Multi-agent pathfinding (MAPF) is a challenging computational problem that typically requires to find collision-free paths for multiple agents in a shared environment. Solving MAPF optimally is NP-hard, yet efficient solutions are critical for numerous applications, including automated warehouses and transportation systems. Recently, learning-based approaches to MAPF have gained attention, particularly those leveraging deep reinforcement learning. Following current trends in machine learning, we have created a foundation model for the MAPF problems called MAPF-GPT. Using imitation learning, we have trained a policy on a set of pre-collected sub-optimal expert trajectories that can generate actions in conditions of partial observability without additional heuristics, reward functions, or communication with other agents. The resulting MAPF-GPT model demonstrates zero-shot learning abilities when solving the MAPF problem instances that were not present in the training dataset. We show that MAPF-GPT notably outperforms the current best-performing learnable-MAPF solvers on a diverse range of problem instances and is efficient in terms of computation (in the inference mode).
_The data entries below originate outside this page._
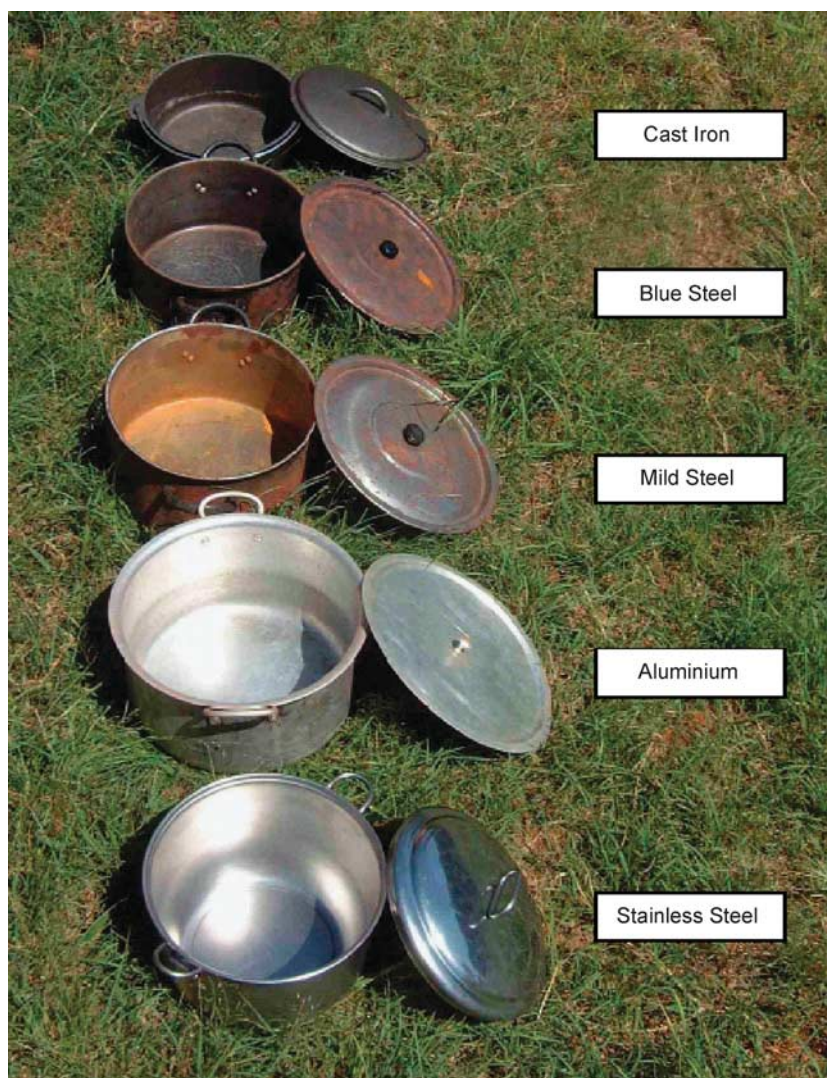
Fig. 1 A selection of iron and iron-alloy cooking pots after use in the pre-trial evaluation and the stainless steel pot (bottom), which was distributed in the intervention trial. Different sizes are shown: 5-litre cast iron and stainless steel, and 7-litre blue steel, mild steel and aluminium cooking pots. The treated blue steel cooking pot is similar in appearance to the blue steel pot and is not shown in this photograph

handle. The pot was intended for cooking beans, peas and other legumes for families of one to ten persons. Cooking pots already in use in households in the camp (aluminium or locally made clay pots) were not removed.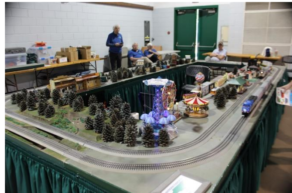
East Carolina O gauge layout.

By the way, the Board of Governors also opened the books for the upcoming Fall show and scheduled the next Open House. No time to rest on your laurels, folks!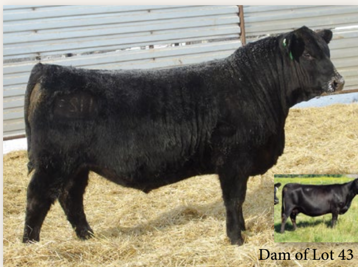
Dam of Lot 43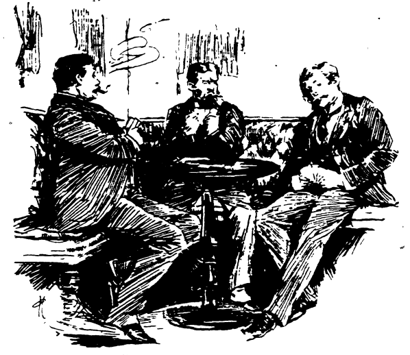
"He played one game. -p. 55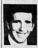
Sheridan Stanton Peru, S.A.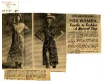
Textile to Fashion - A Natural Step (KA0018_binder74_01)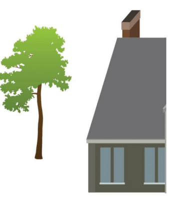
feet up and trim any overhanging branches to prevent fire from transferring to your roof.

propane tanks should be removed. Leaf litter and debris should be removed from gutters and off roofs. Plants should be pruned back, including any large trees near the house. so that no branches are within 10 feet of the house. Any tree that overhangs any part of your home Prune trees from the ground to 10 (roof, porch, deck, and chimney) should be trimmed back to prevent fire from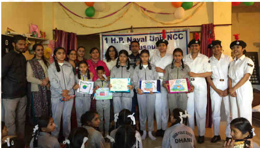
Volunteer Services offered by 4 Cadets at Dhami Public School

The cadets of 1HP NCC unit Bilaspur of St. Bede's College went to Dhami Public School to conduct a poster making competition on the topic "Clean India of my dreams ", The first three winners of the competition were acknowledged with gifts while the 4th 5th and 6th position holders were given chocolates.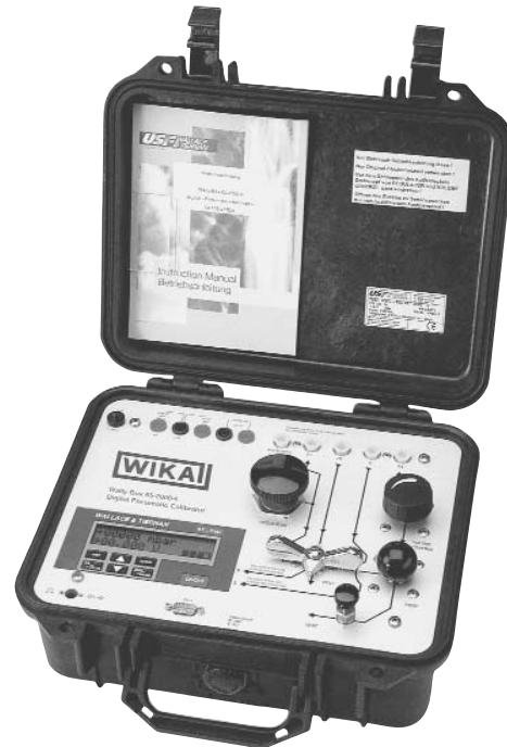
Wally Box 65-2000 II

The accuracy of the pressure measuring system is 0.02 % of reading (incl. linearity-, hysteresis- and temperature error).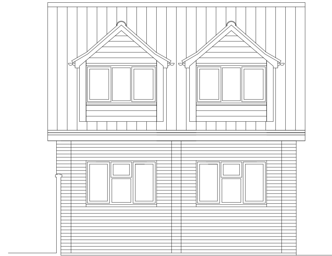
PROPOSED FRONT (SOUTH) ELEVATION SCALE 1:50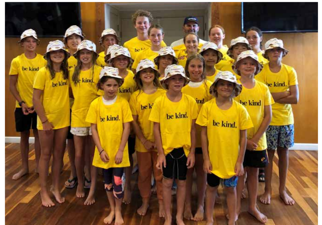
State Nipper Team

Unfortunately, the excitement of a local State Championships on the Northern Beaches was dampened by predictions of rain, wind and difficult surf conditions. The younger age groups (u9 – u12) competed on the Thursday/Friday, and the older age groups (u13 – u15) were due to compete on the Saturday/Sunday in a block racing style format. The weather and surf arrived on Day 1 as predicted, and the usual chaos of the State Championships was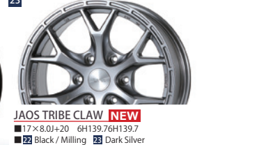
22 ■ 17x8.0J+20 6H139.76H139.7 ■ 22 Black / Milling ■ 23 Dark Silver ■ Cast 1pc, Center cap is included ■ JWL / JWL-T / VIA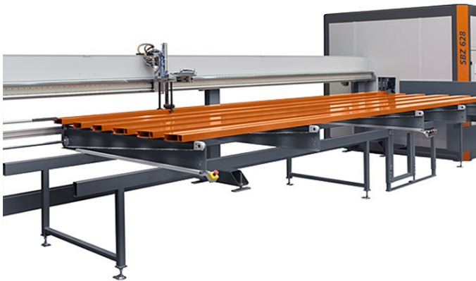
Infeed loading magazine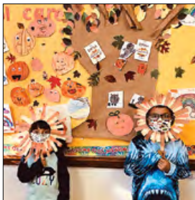
ASC students enjoy lion's manes.

Afterschool Care (ASC) has 39 students including 17 boys and 22 girls. Thanks to the generosity of the Montei Foundation, the Texas Methodist Foundation, and a NM Conference Thaxton grant ASC is free for all McCurdy Charter School students and is aimed at helping students recover from educational losses that occurred during the pandemic. The staff assists students with homework and parents with any concerns about their child.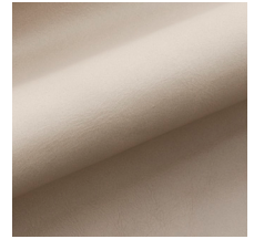
03 NATURAL STATE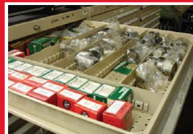
LG QTY OF BEARINGS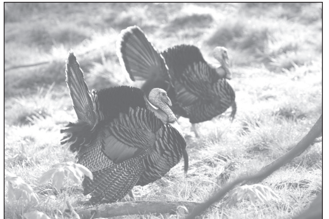
The statewide spring wild turkey season in Kentucky opened Saturday, April 12 and runs through May 4. Kentucky's wild turkey flock is estimated to number about 220,000 birds. Last spring, hunters reported taking 32,498 wild turkeys as Kentucky averaged more birds harvested per square mile (0.82) than any of the seven states bordering it.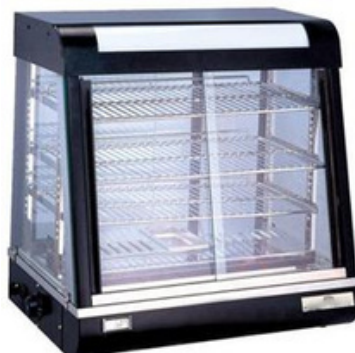
SQUARE INDUCTION COOKER size: 450×350×200mm Power: 5000W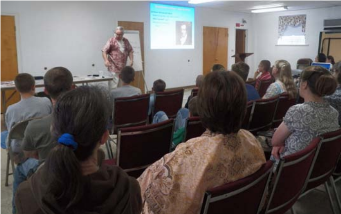
Learning the history of sign language ministry.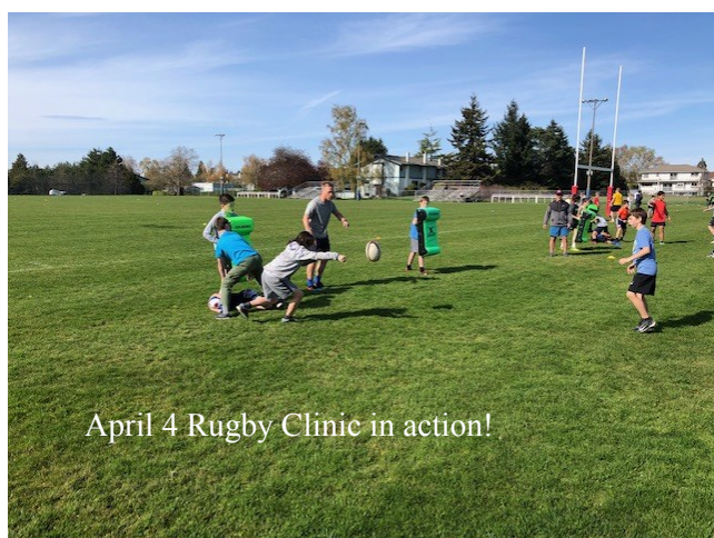
April 4 Rugby Clinic in action!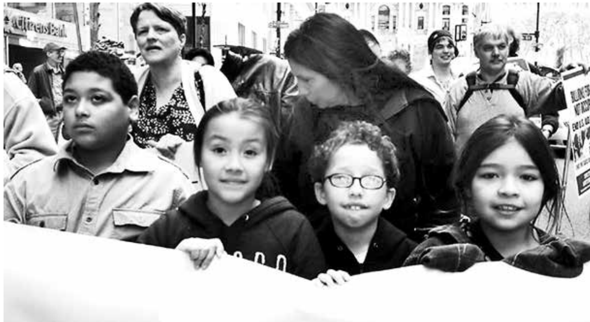
Children and others protesting the growing poverty in Philadelphia.

The World Courts of Women exist to rewrite our histories, reclaim our memories, and find new visions for our times. The Courts of Women are public hearings that exist to share voices of survival and resistance from the margins. Those gathered at the World Court on Poverty in the U.S.: Disappeared in America People's Movement Assembly, along with the host organizations, seek to break the silence on poverty as a violation of both women's rights and human rights. We reject the myth that dire poverty only exists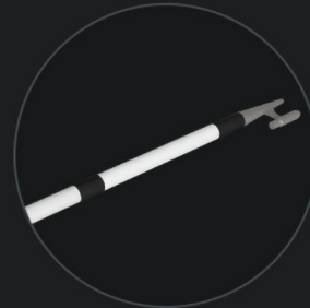
INSERTION POLE 2.0 kg (4.4 lbs) 581228

POGEMA: A Benchmark Platform for Cooperative Multi-Agent Navigation

Multi-agent reinforcement learning (MARL) has recently excelled in solving challenging cooperative and competitive multi-agent problems in various environments with, mostly, few agents and full observability. Moreover, a range of crucial robotics-related tasks, such as multi-robot navigation and obstacle avoidance, that have been conventionally approached with the classical non-learnable methods (e.g., heuristic search) is currently suggested to be solved by the learning-based or hybrid methods. Still, in this domain, it is hard, not to say impossible, to conduct a fair comparison between classical, learning-based, and hybrid approaches due to the lack of a unified framework that supports both learning and evaluation. To this end, we introduce POGEMA, a set of comprehensive tools that includes a fast environment for learning, a generator of problem instances, the collection of pre-defined ones, a visualization toolkit, and a benchmarking tool that allows automated evaluation. We introduce and specify an evaluation protocol defining a range of domain-related metrics computed on the basics of the primary evaluation indicators (such as success rate and path length), allowing a fair multi-fold comparison. The results of such a comparison, which involves a variety of state-of-the-art MARL, search-based, and hybrid methods, are presented.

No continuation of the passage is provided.